İşlerim için İstanbul’a mekânları görmeye davet edildim. Çalışmalarım için bu çok önemliydi. Mekânlar için bazı işler yaptım ve çalışmalarımın o yerde işe yarayıp yaramadığından emin olmak istedim. Burada gezdiğim mekânlardan ilham aldım.

Sizi bu çalışmayı yapmaya iten neydi? Mekânlar bu konuda nasıl bir etki yarattı?

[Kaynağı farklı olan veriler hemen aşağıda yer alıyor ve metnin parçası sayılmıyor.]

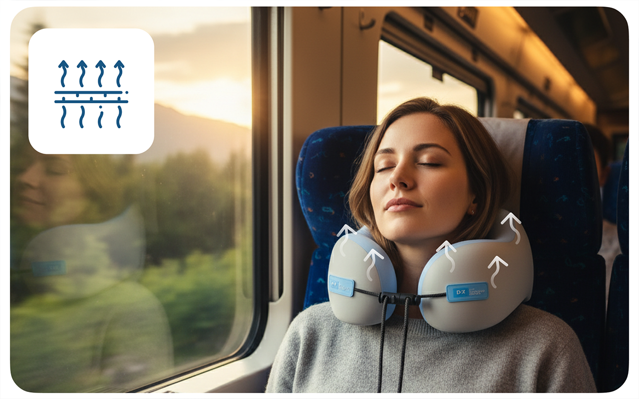 Pitkät matkat aiheuttavat usein kipeitä hartioita, jäykkiä selkiä ja väsyneitä mieliä. Ortorex-tyyny hellästi tukee päätäsi ja parantaa ryhtiäsi. Jokainen matka tuntuu lyhyemmältä ja miellyttävämmältä kaikille. Rentoudu helposti, kun tiedät että mukavuus ja terveys ovat aina käsillä.

Kendimi açıkça ifade etmem gerekirse bir mekânın içerisine çalışma yerleştirmek, o çalışmanın mekânla uyumu ve benim çalışmaya ne verebildiğim çok önemlidir. Bienal için bunun anlamının biraz daha önemli olduğunu biliyordum. O yüzden işi bu düşünceye uygun yapmaya çalıştım. Düşüncem alanla birlikte büyüdü, genişledi.

©Nazlı Erdemirel

Çalışmanızı biraz açıklayabilir misiniz?

Çalışma fiziksel açıdan normal gözüküyor, ilk göze çarpan şey duvardaki bir kapı çerçevesi, bunun içerisinden geçiyorsunuz. Kendinizi bir odada buluyorsunuz. Duvarlar kapıya kadar uzanıyor. Çalışma bu şekilde devam ediyor. Oda boş, sadece odanın içerisine girmiş oluyorsunuz. Onun dışında başka hiçbir yer yok. Duvardaki kapı çevresi sizi sarıyor ve içinde bulunduğunuz anı donduruyor, fiziksel olarak sizi oraya bağlıyor.

​Bunlar dışında ek olarak bu enstalasyonda bazı sesler duyuyorsunuz, böylece ortamla fiziksel olarak bir bağ kuruyorsunuz. Enstalasyondaki bazı sesler önemsiz gibi gelebilir, bunlar aslında temelde bildiğimiz, günlük sesleri ifade eden bir ses enstalasyonu. Araştırmanın derinine inecek olursak onun “devamlılığına” dikkat çekebiliriz. Ancak odalar fiziksel olarak sonsuza o kadar devam etmiyor.

Odalara kaç kişinin girip girmediğinin kaydını yapıyor musunuz?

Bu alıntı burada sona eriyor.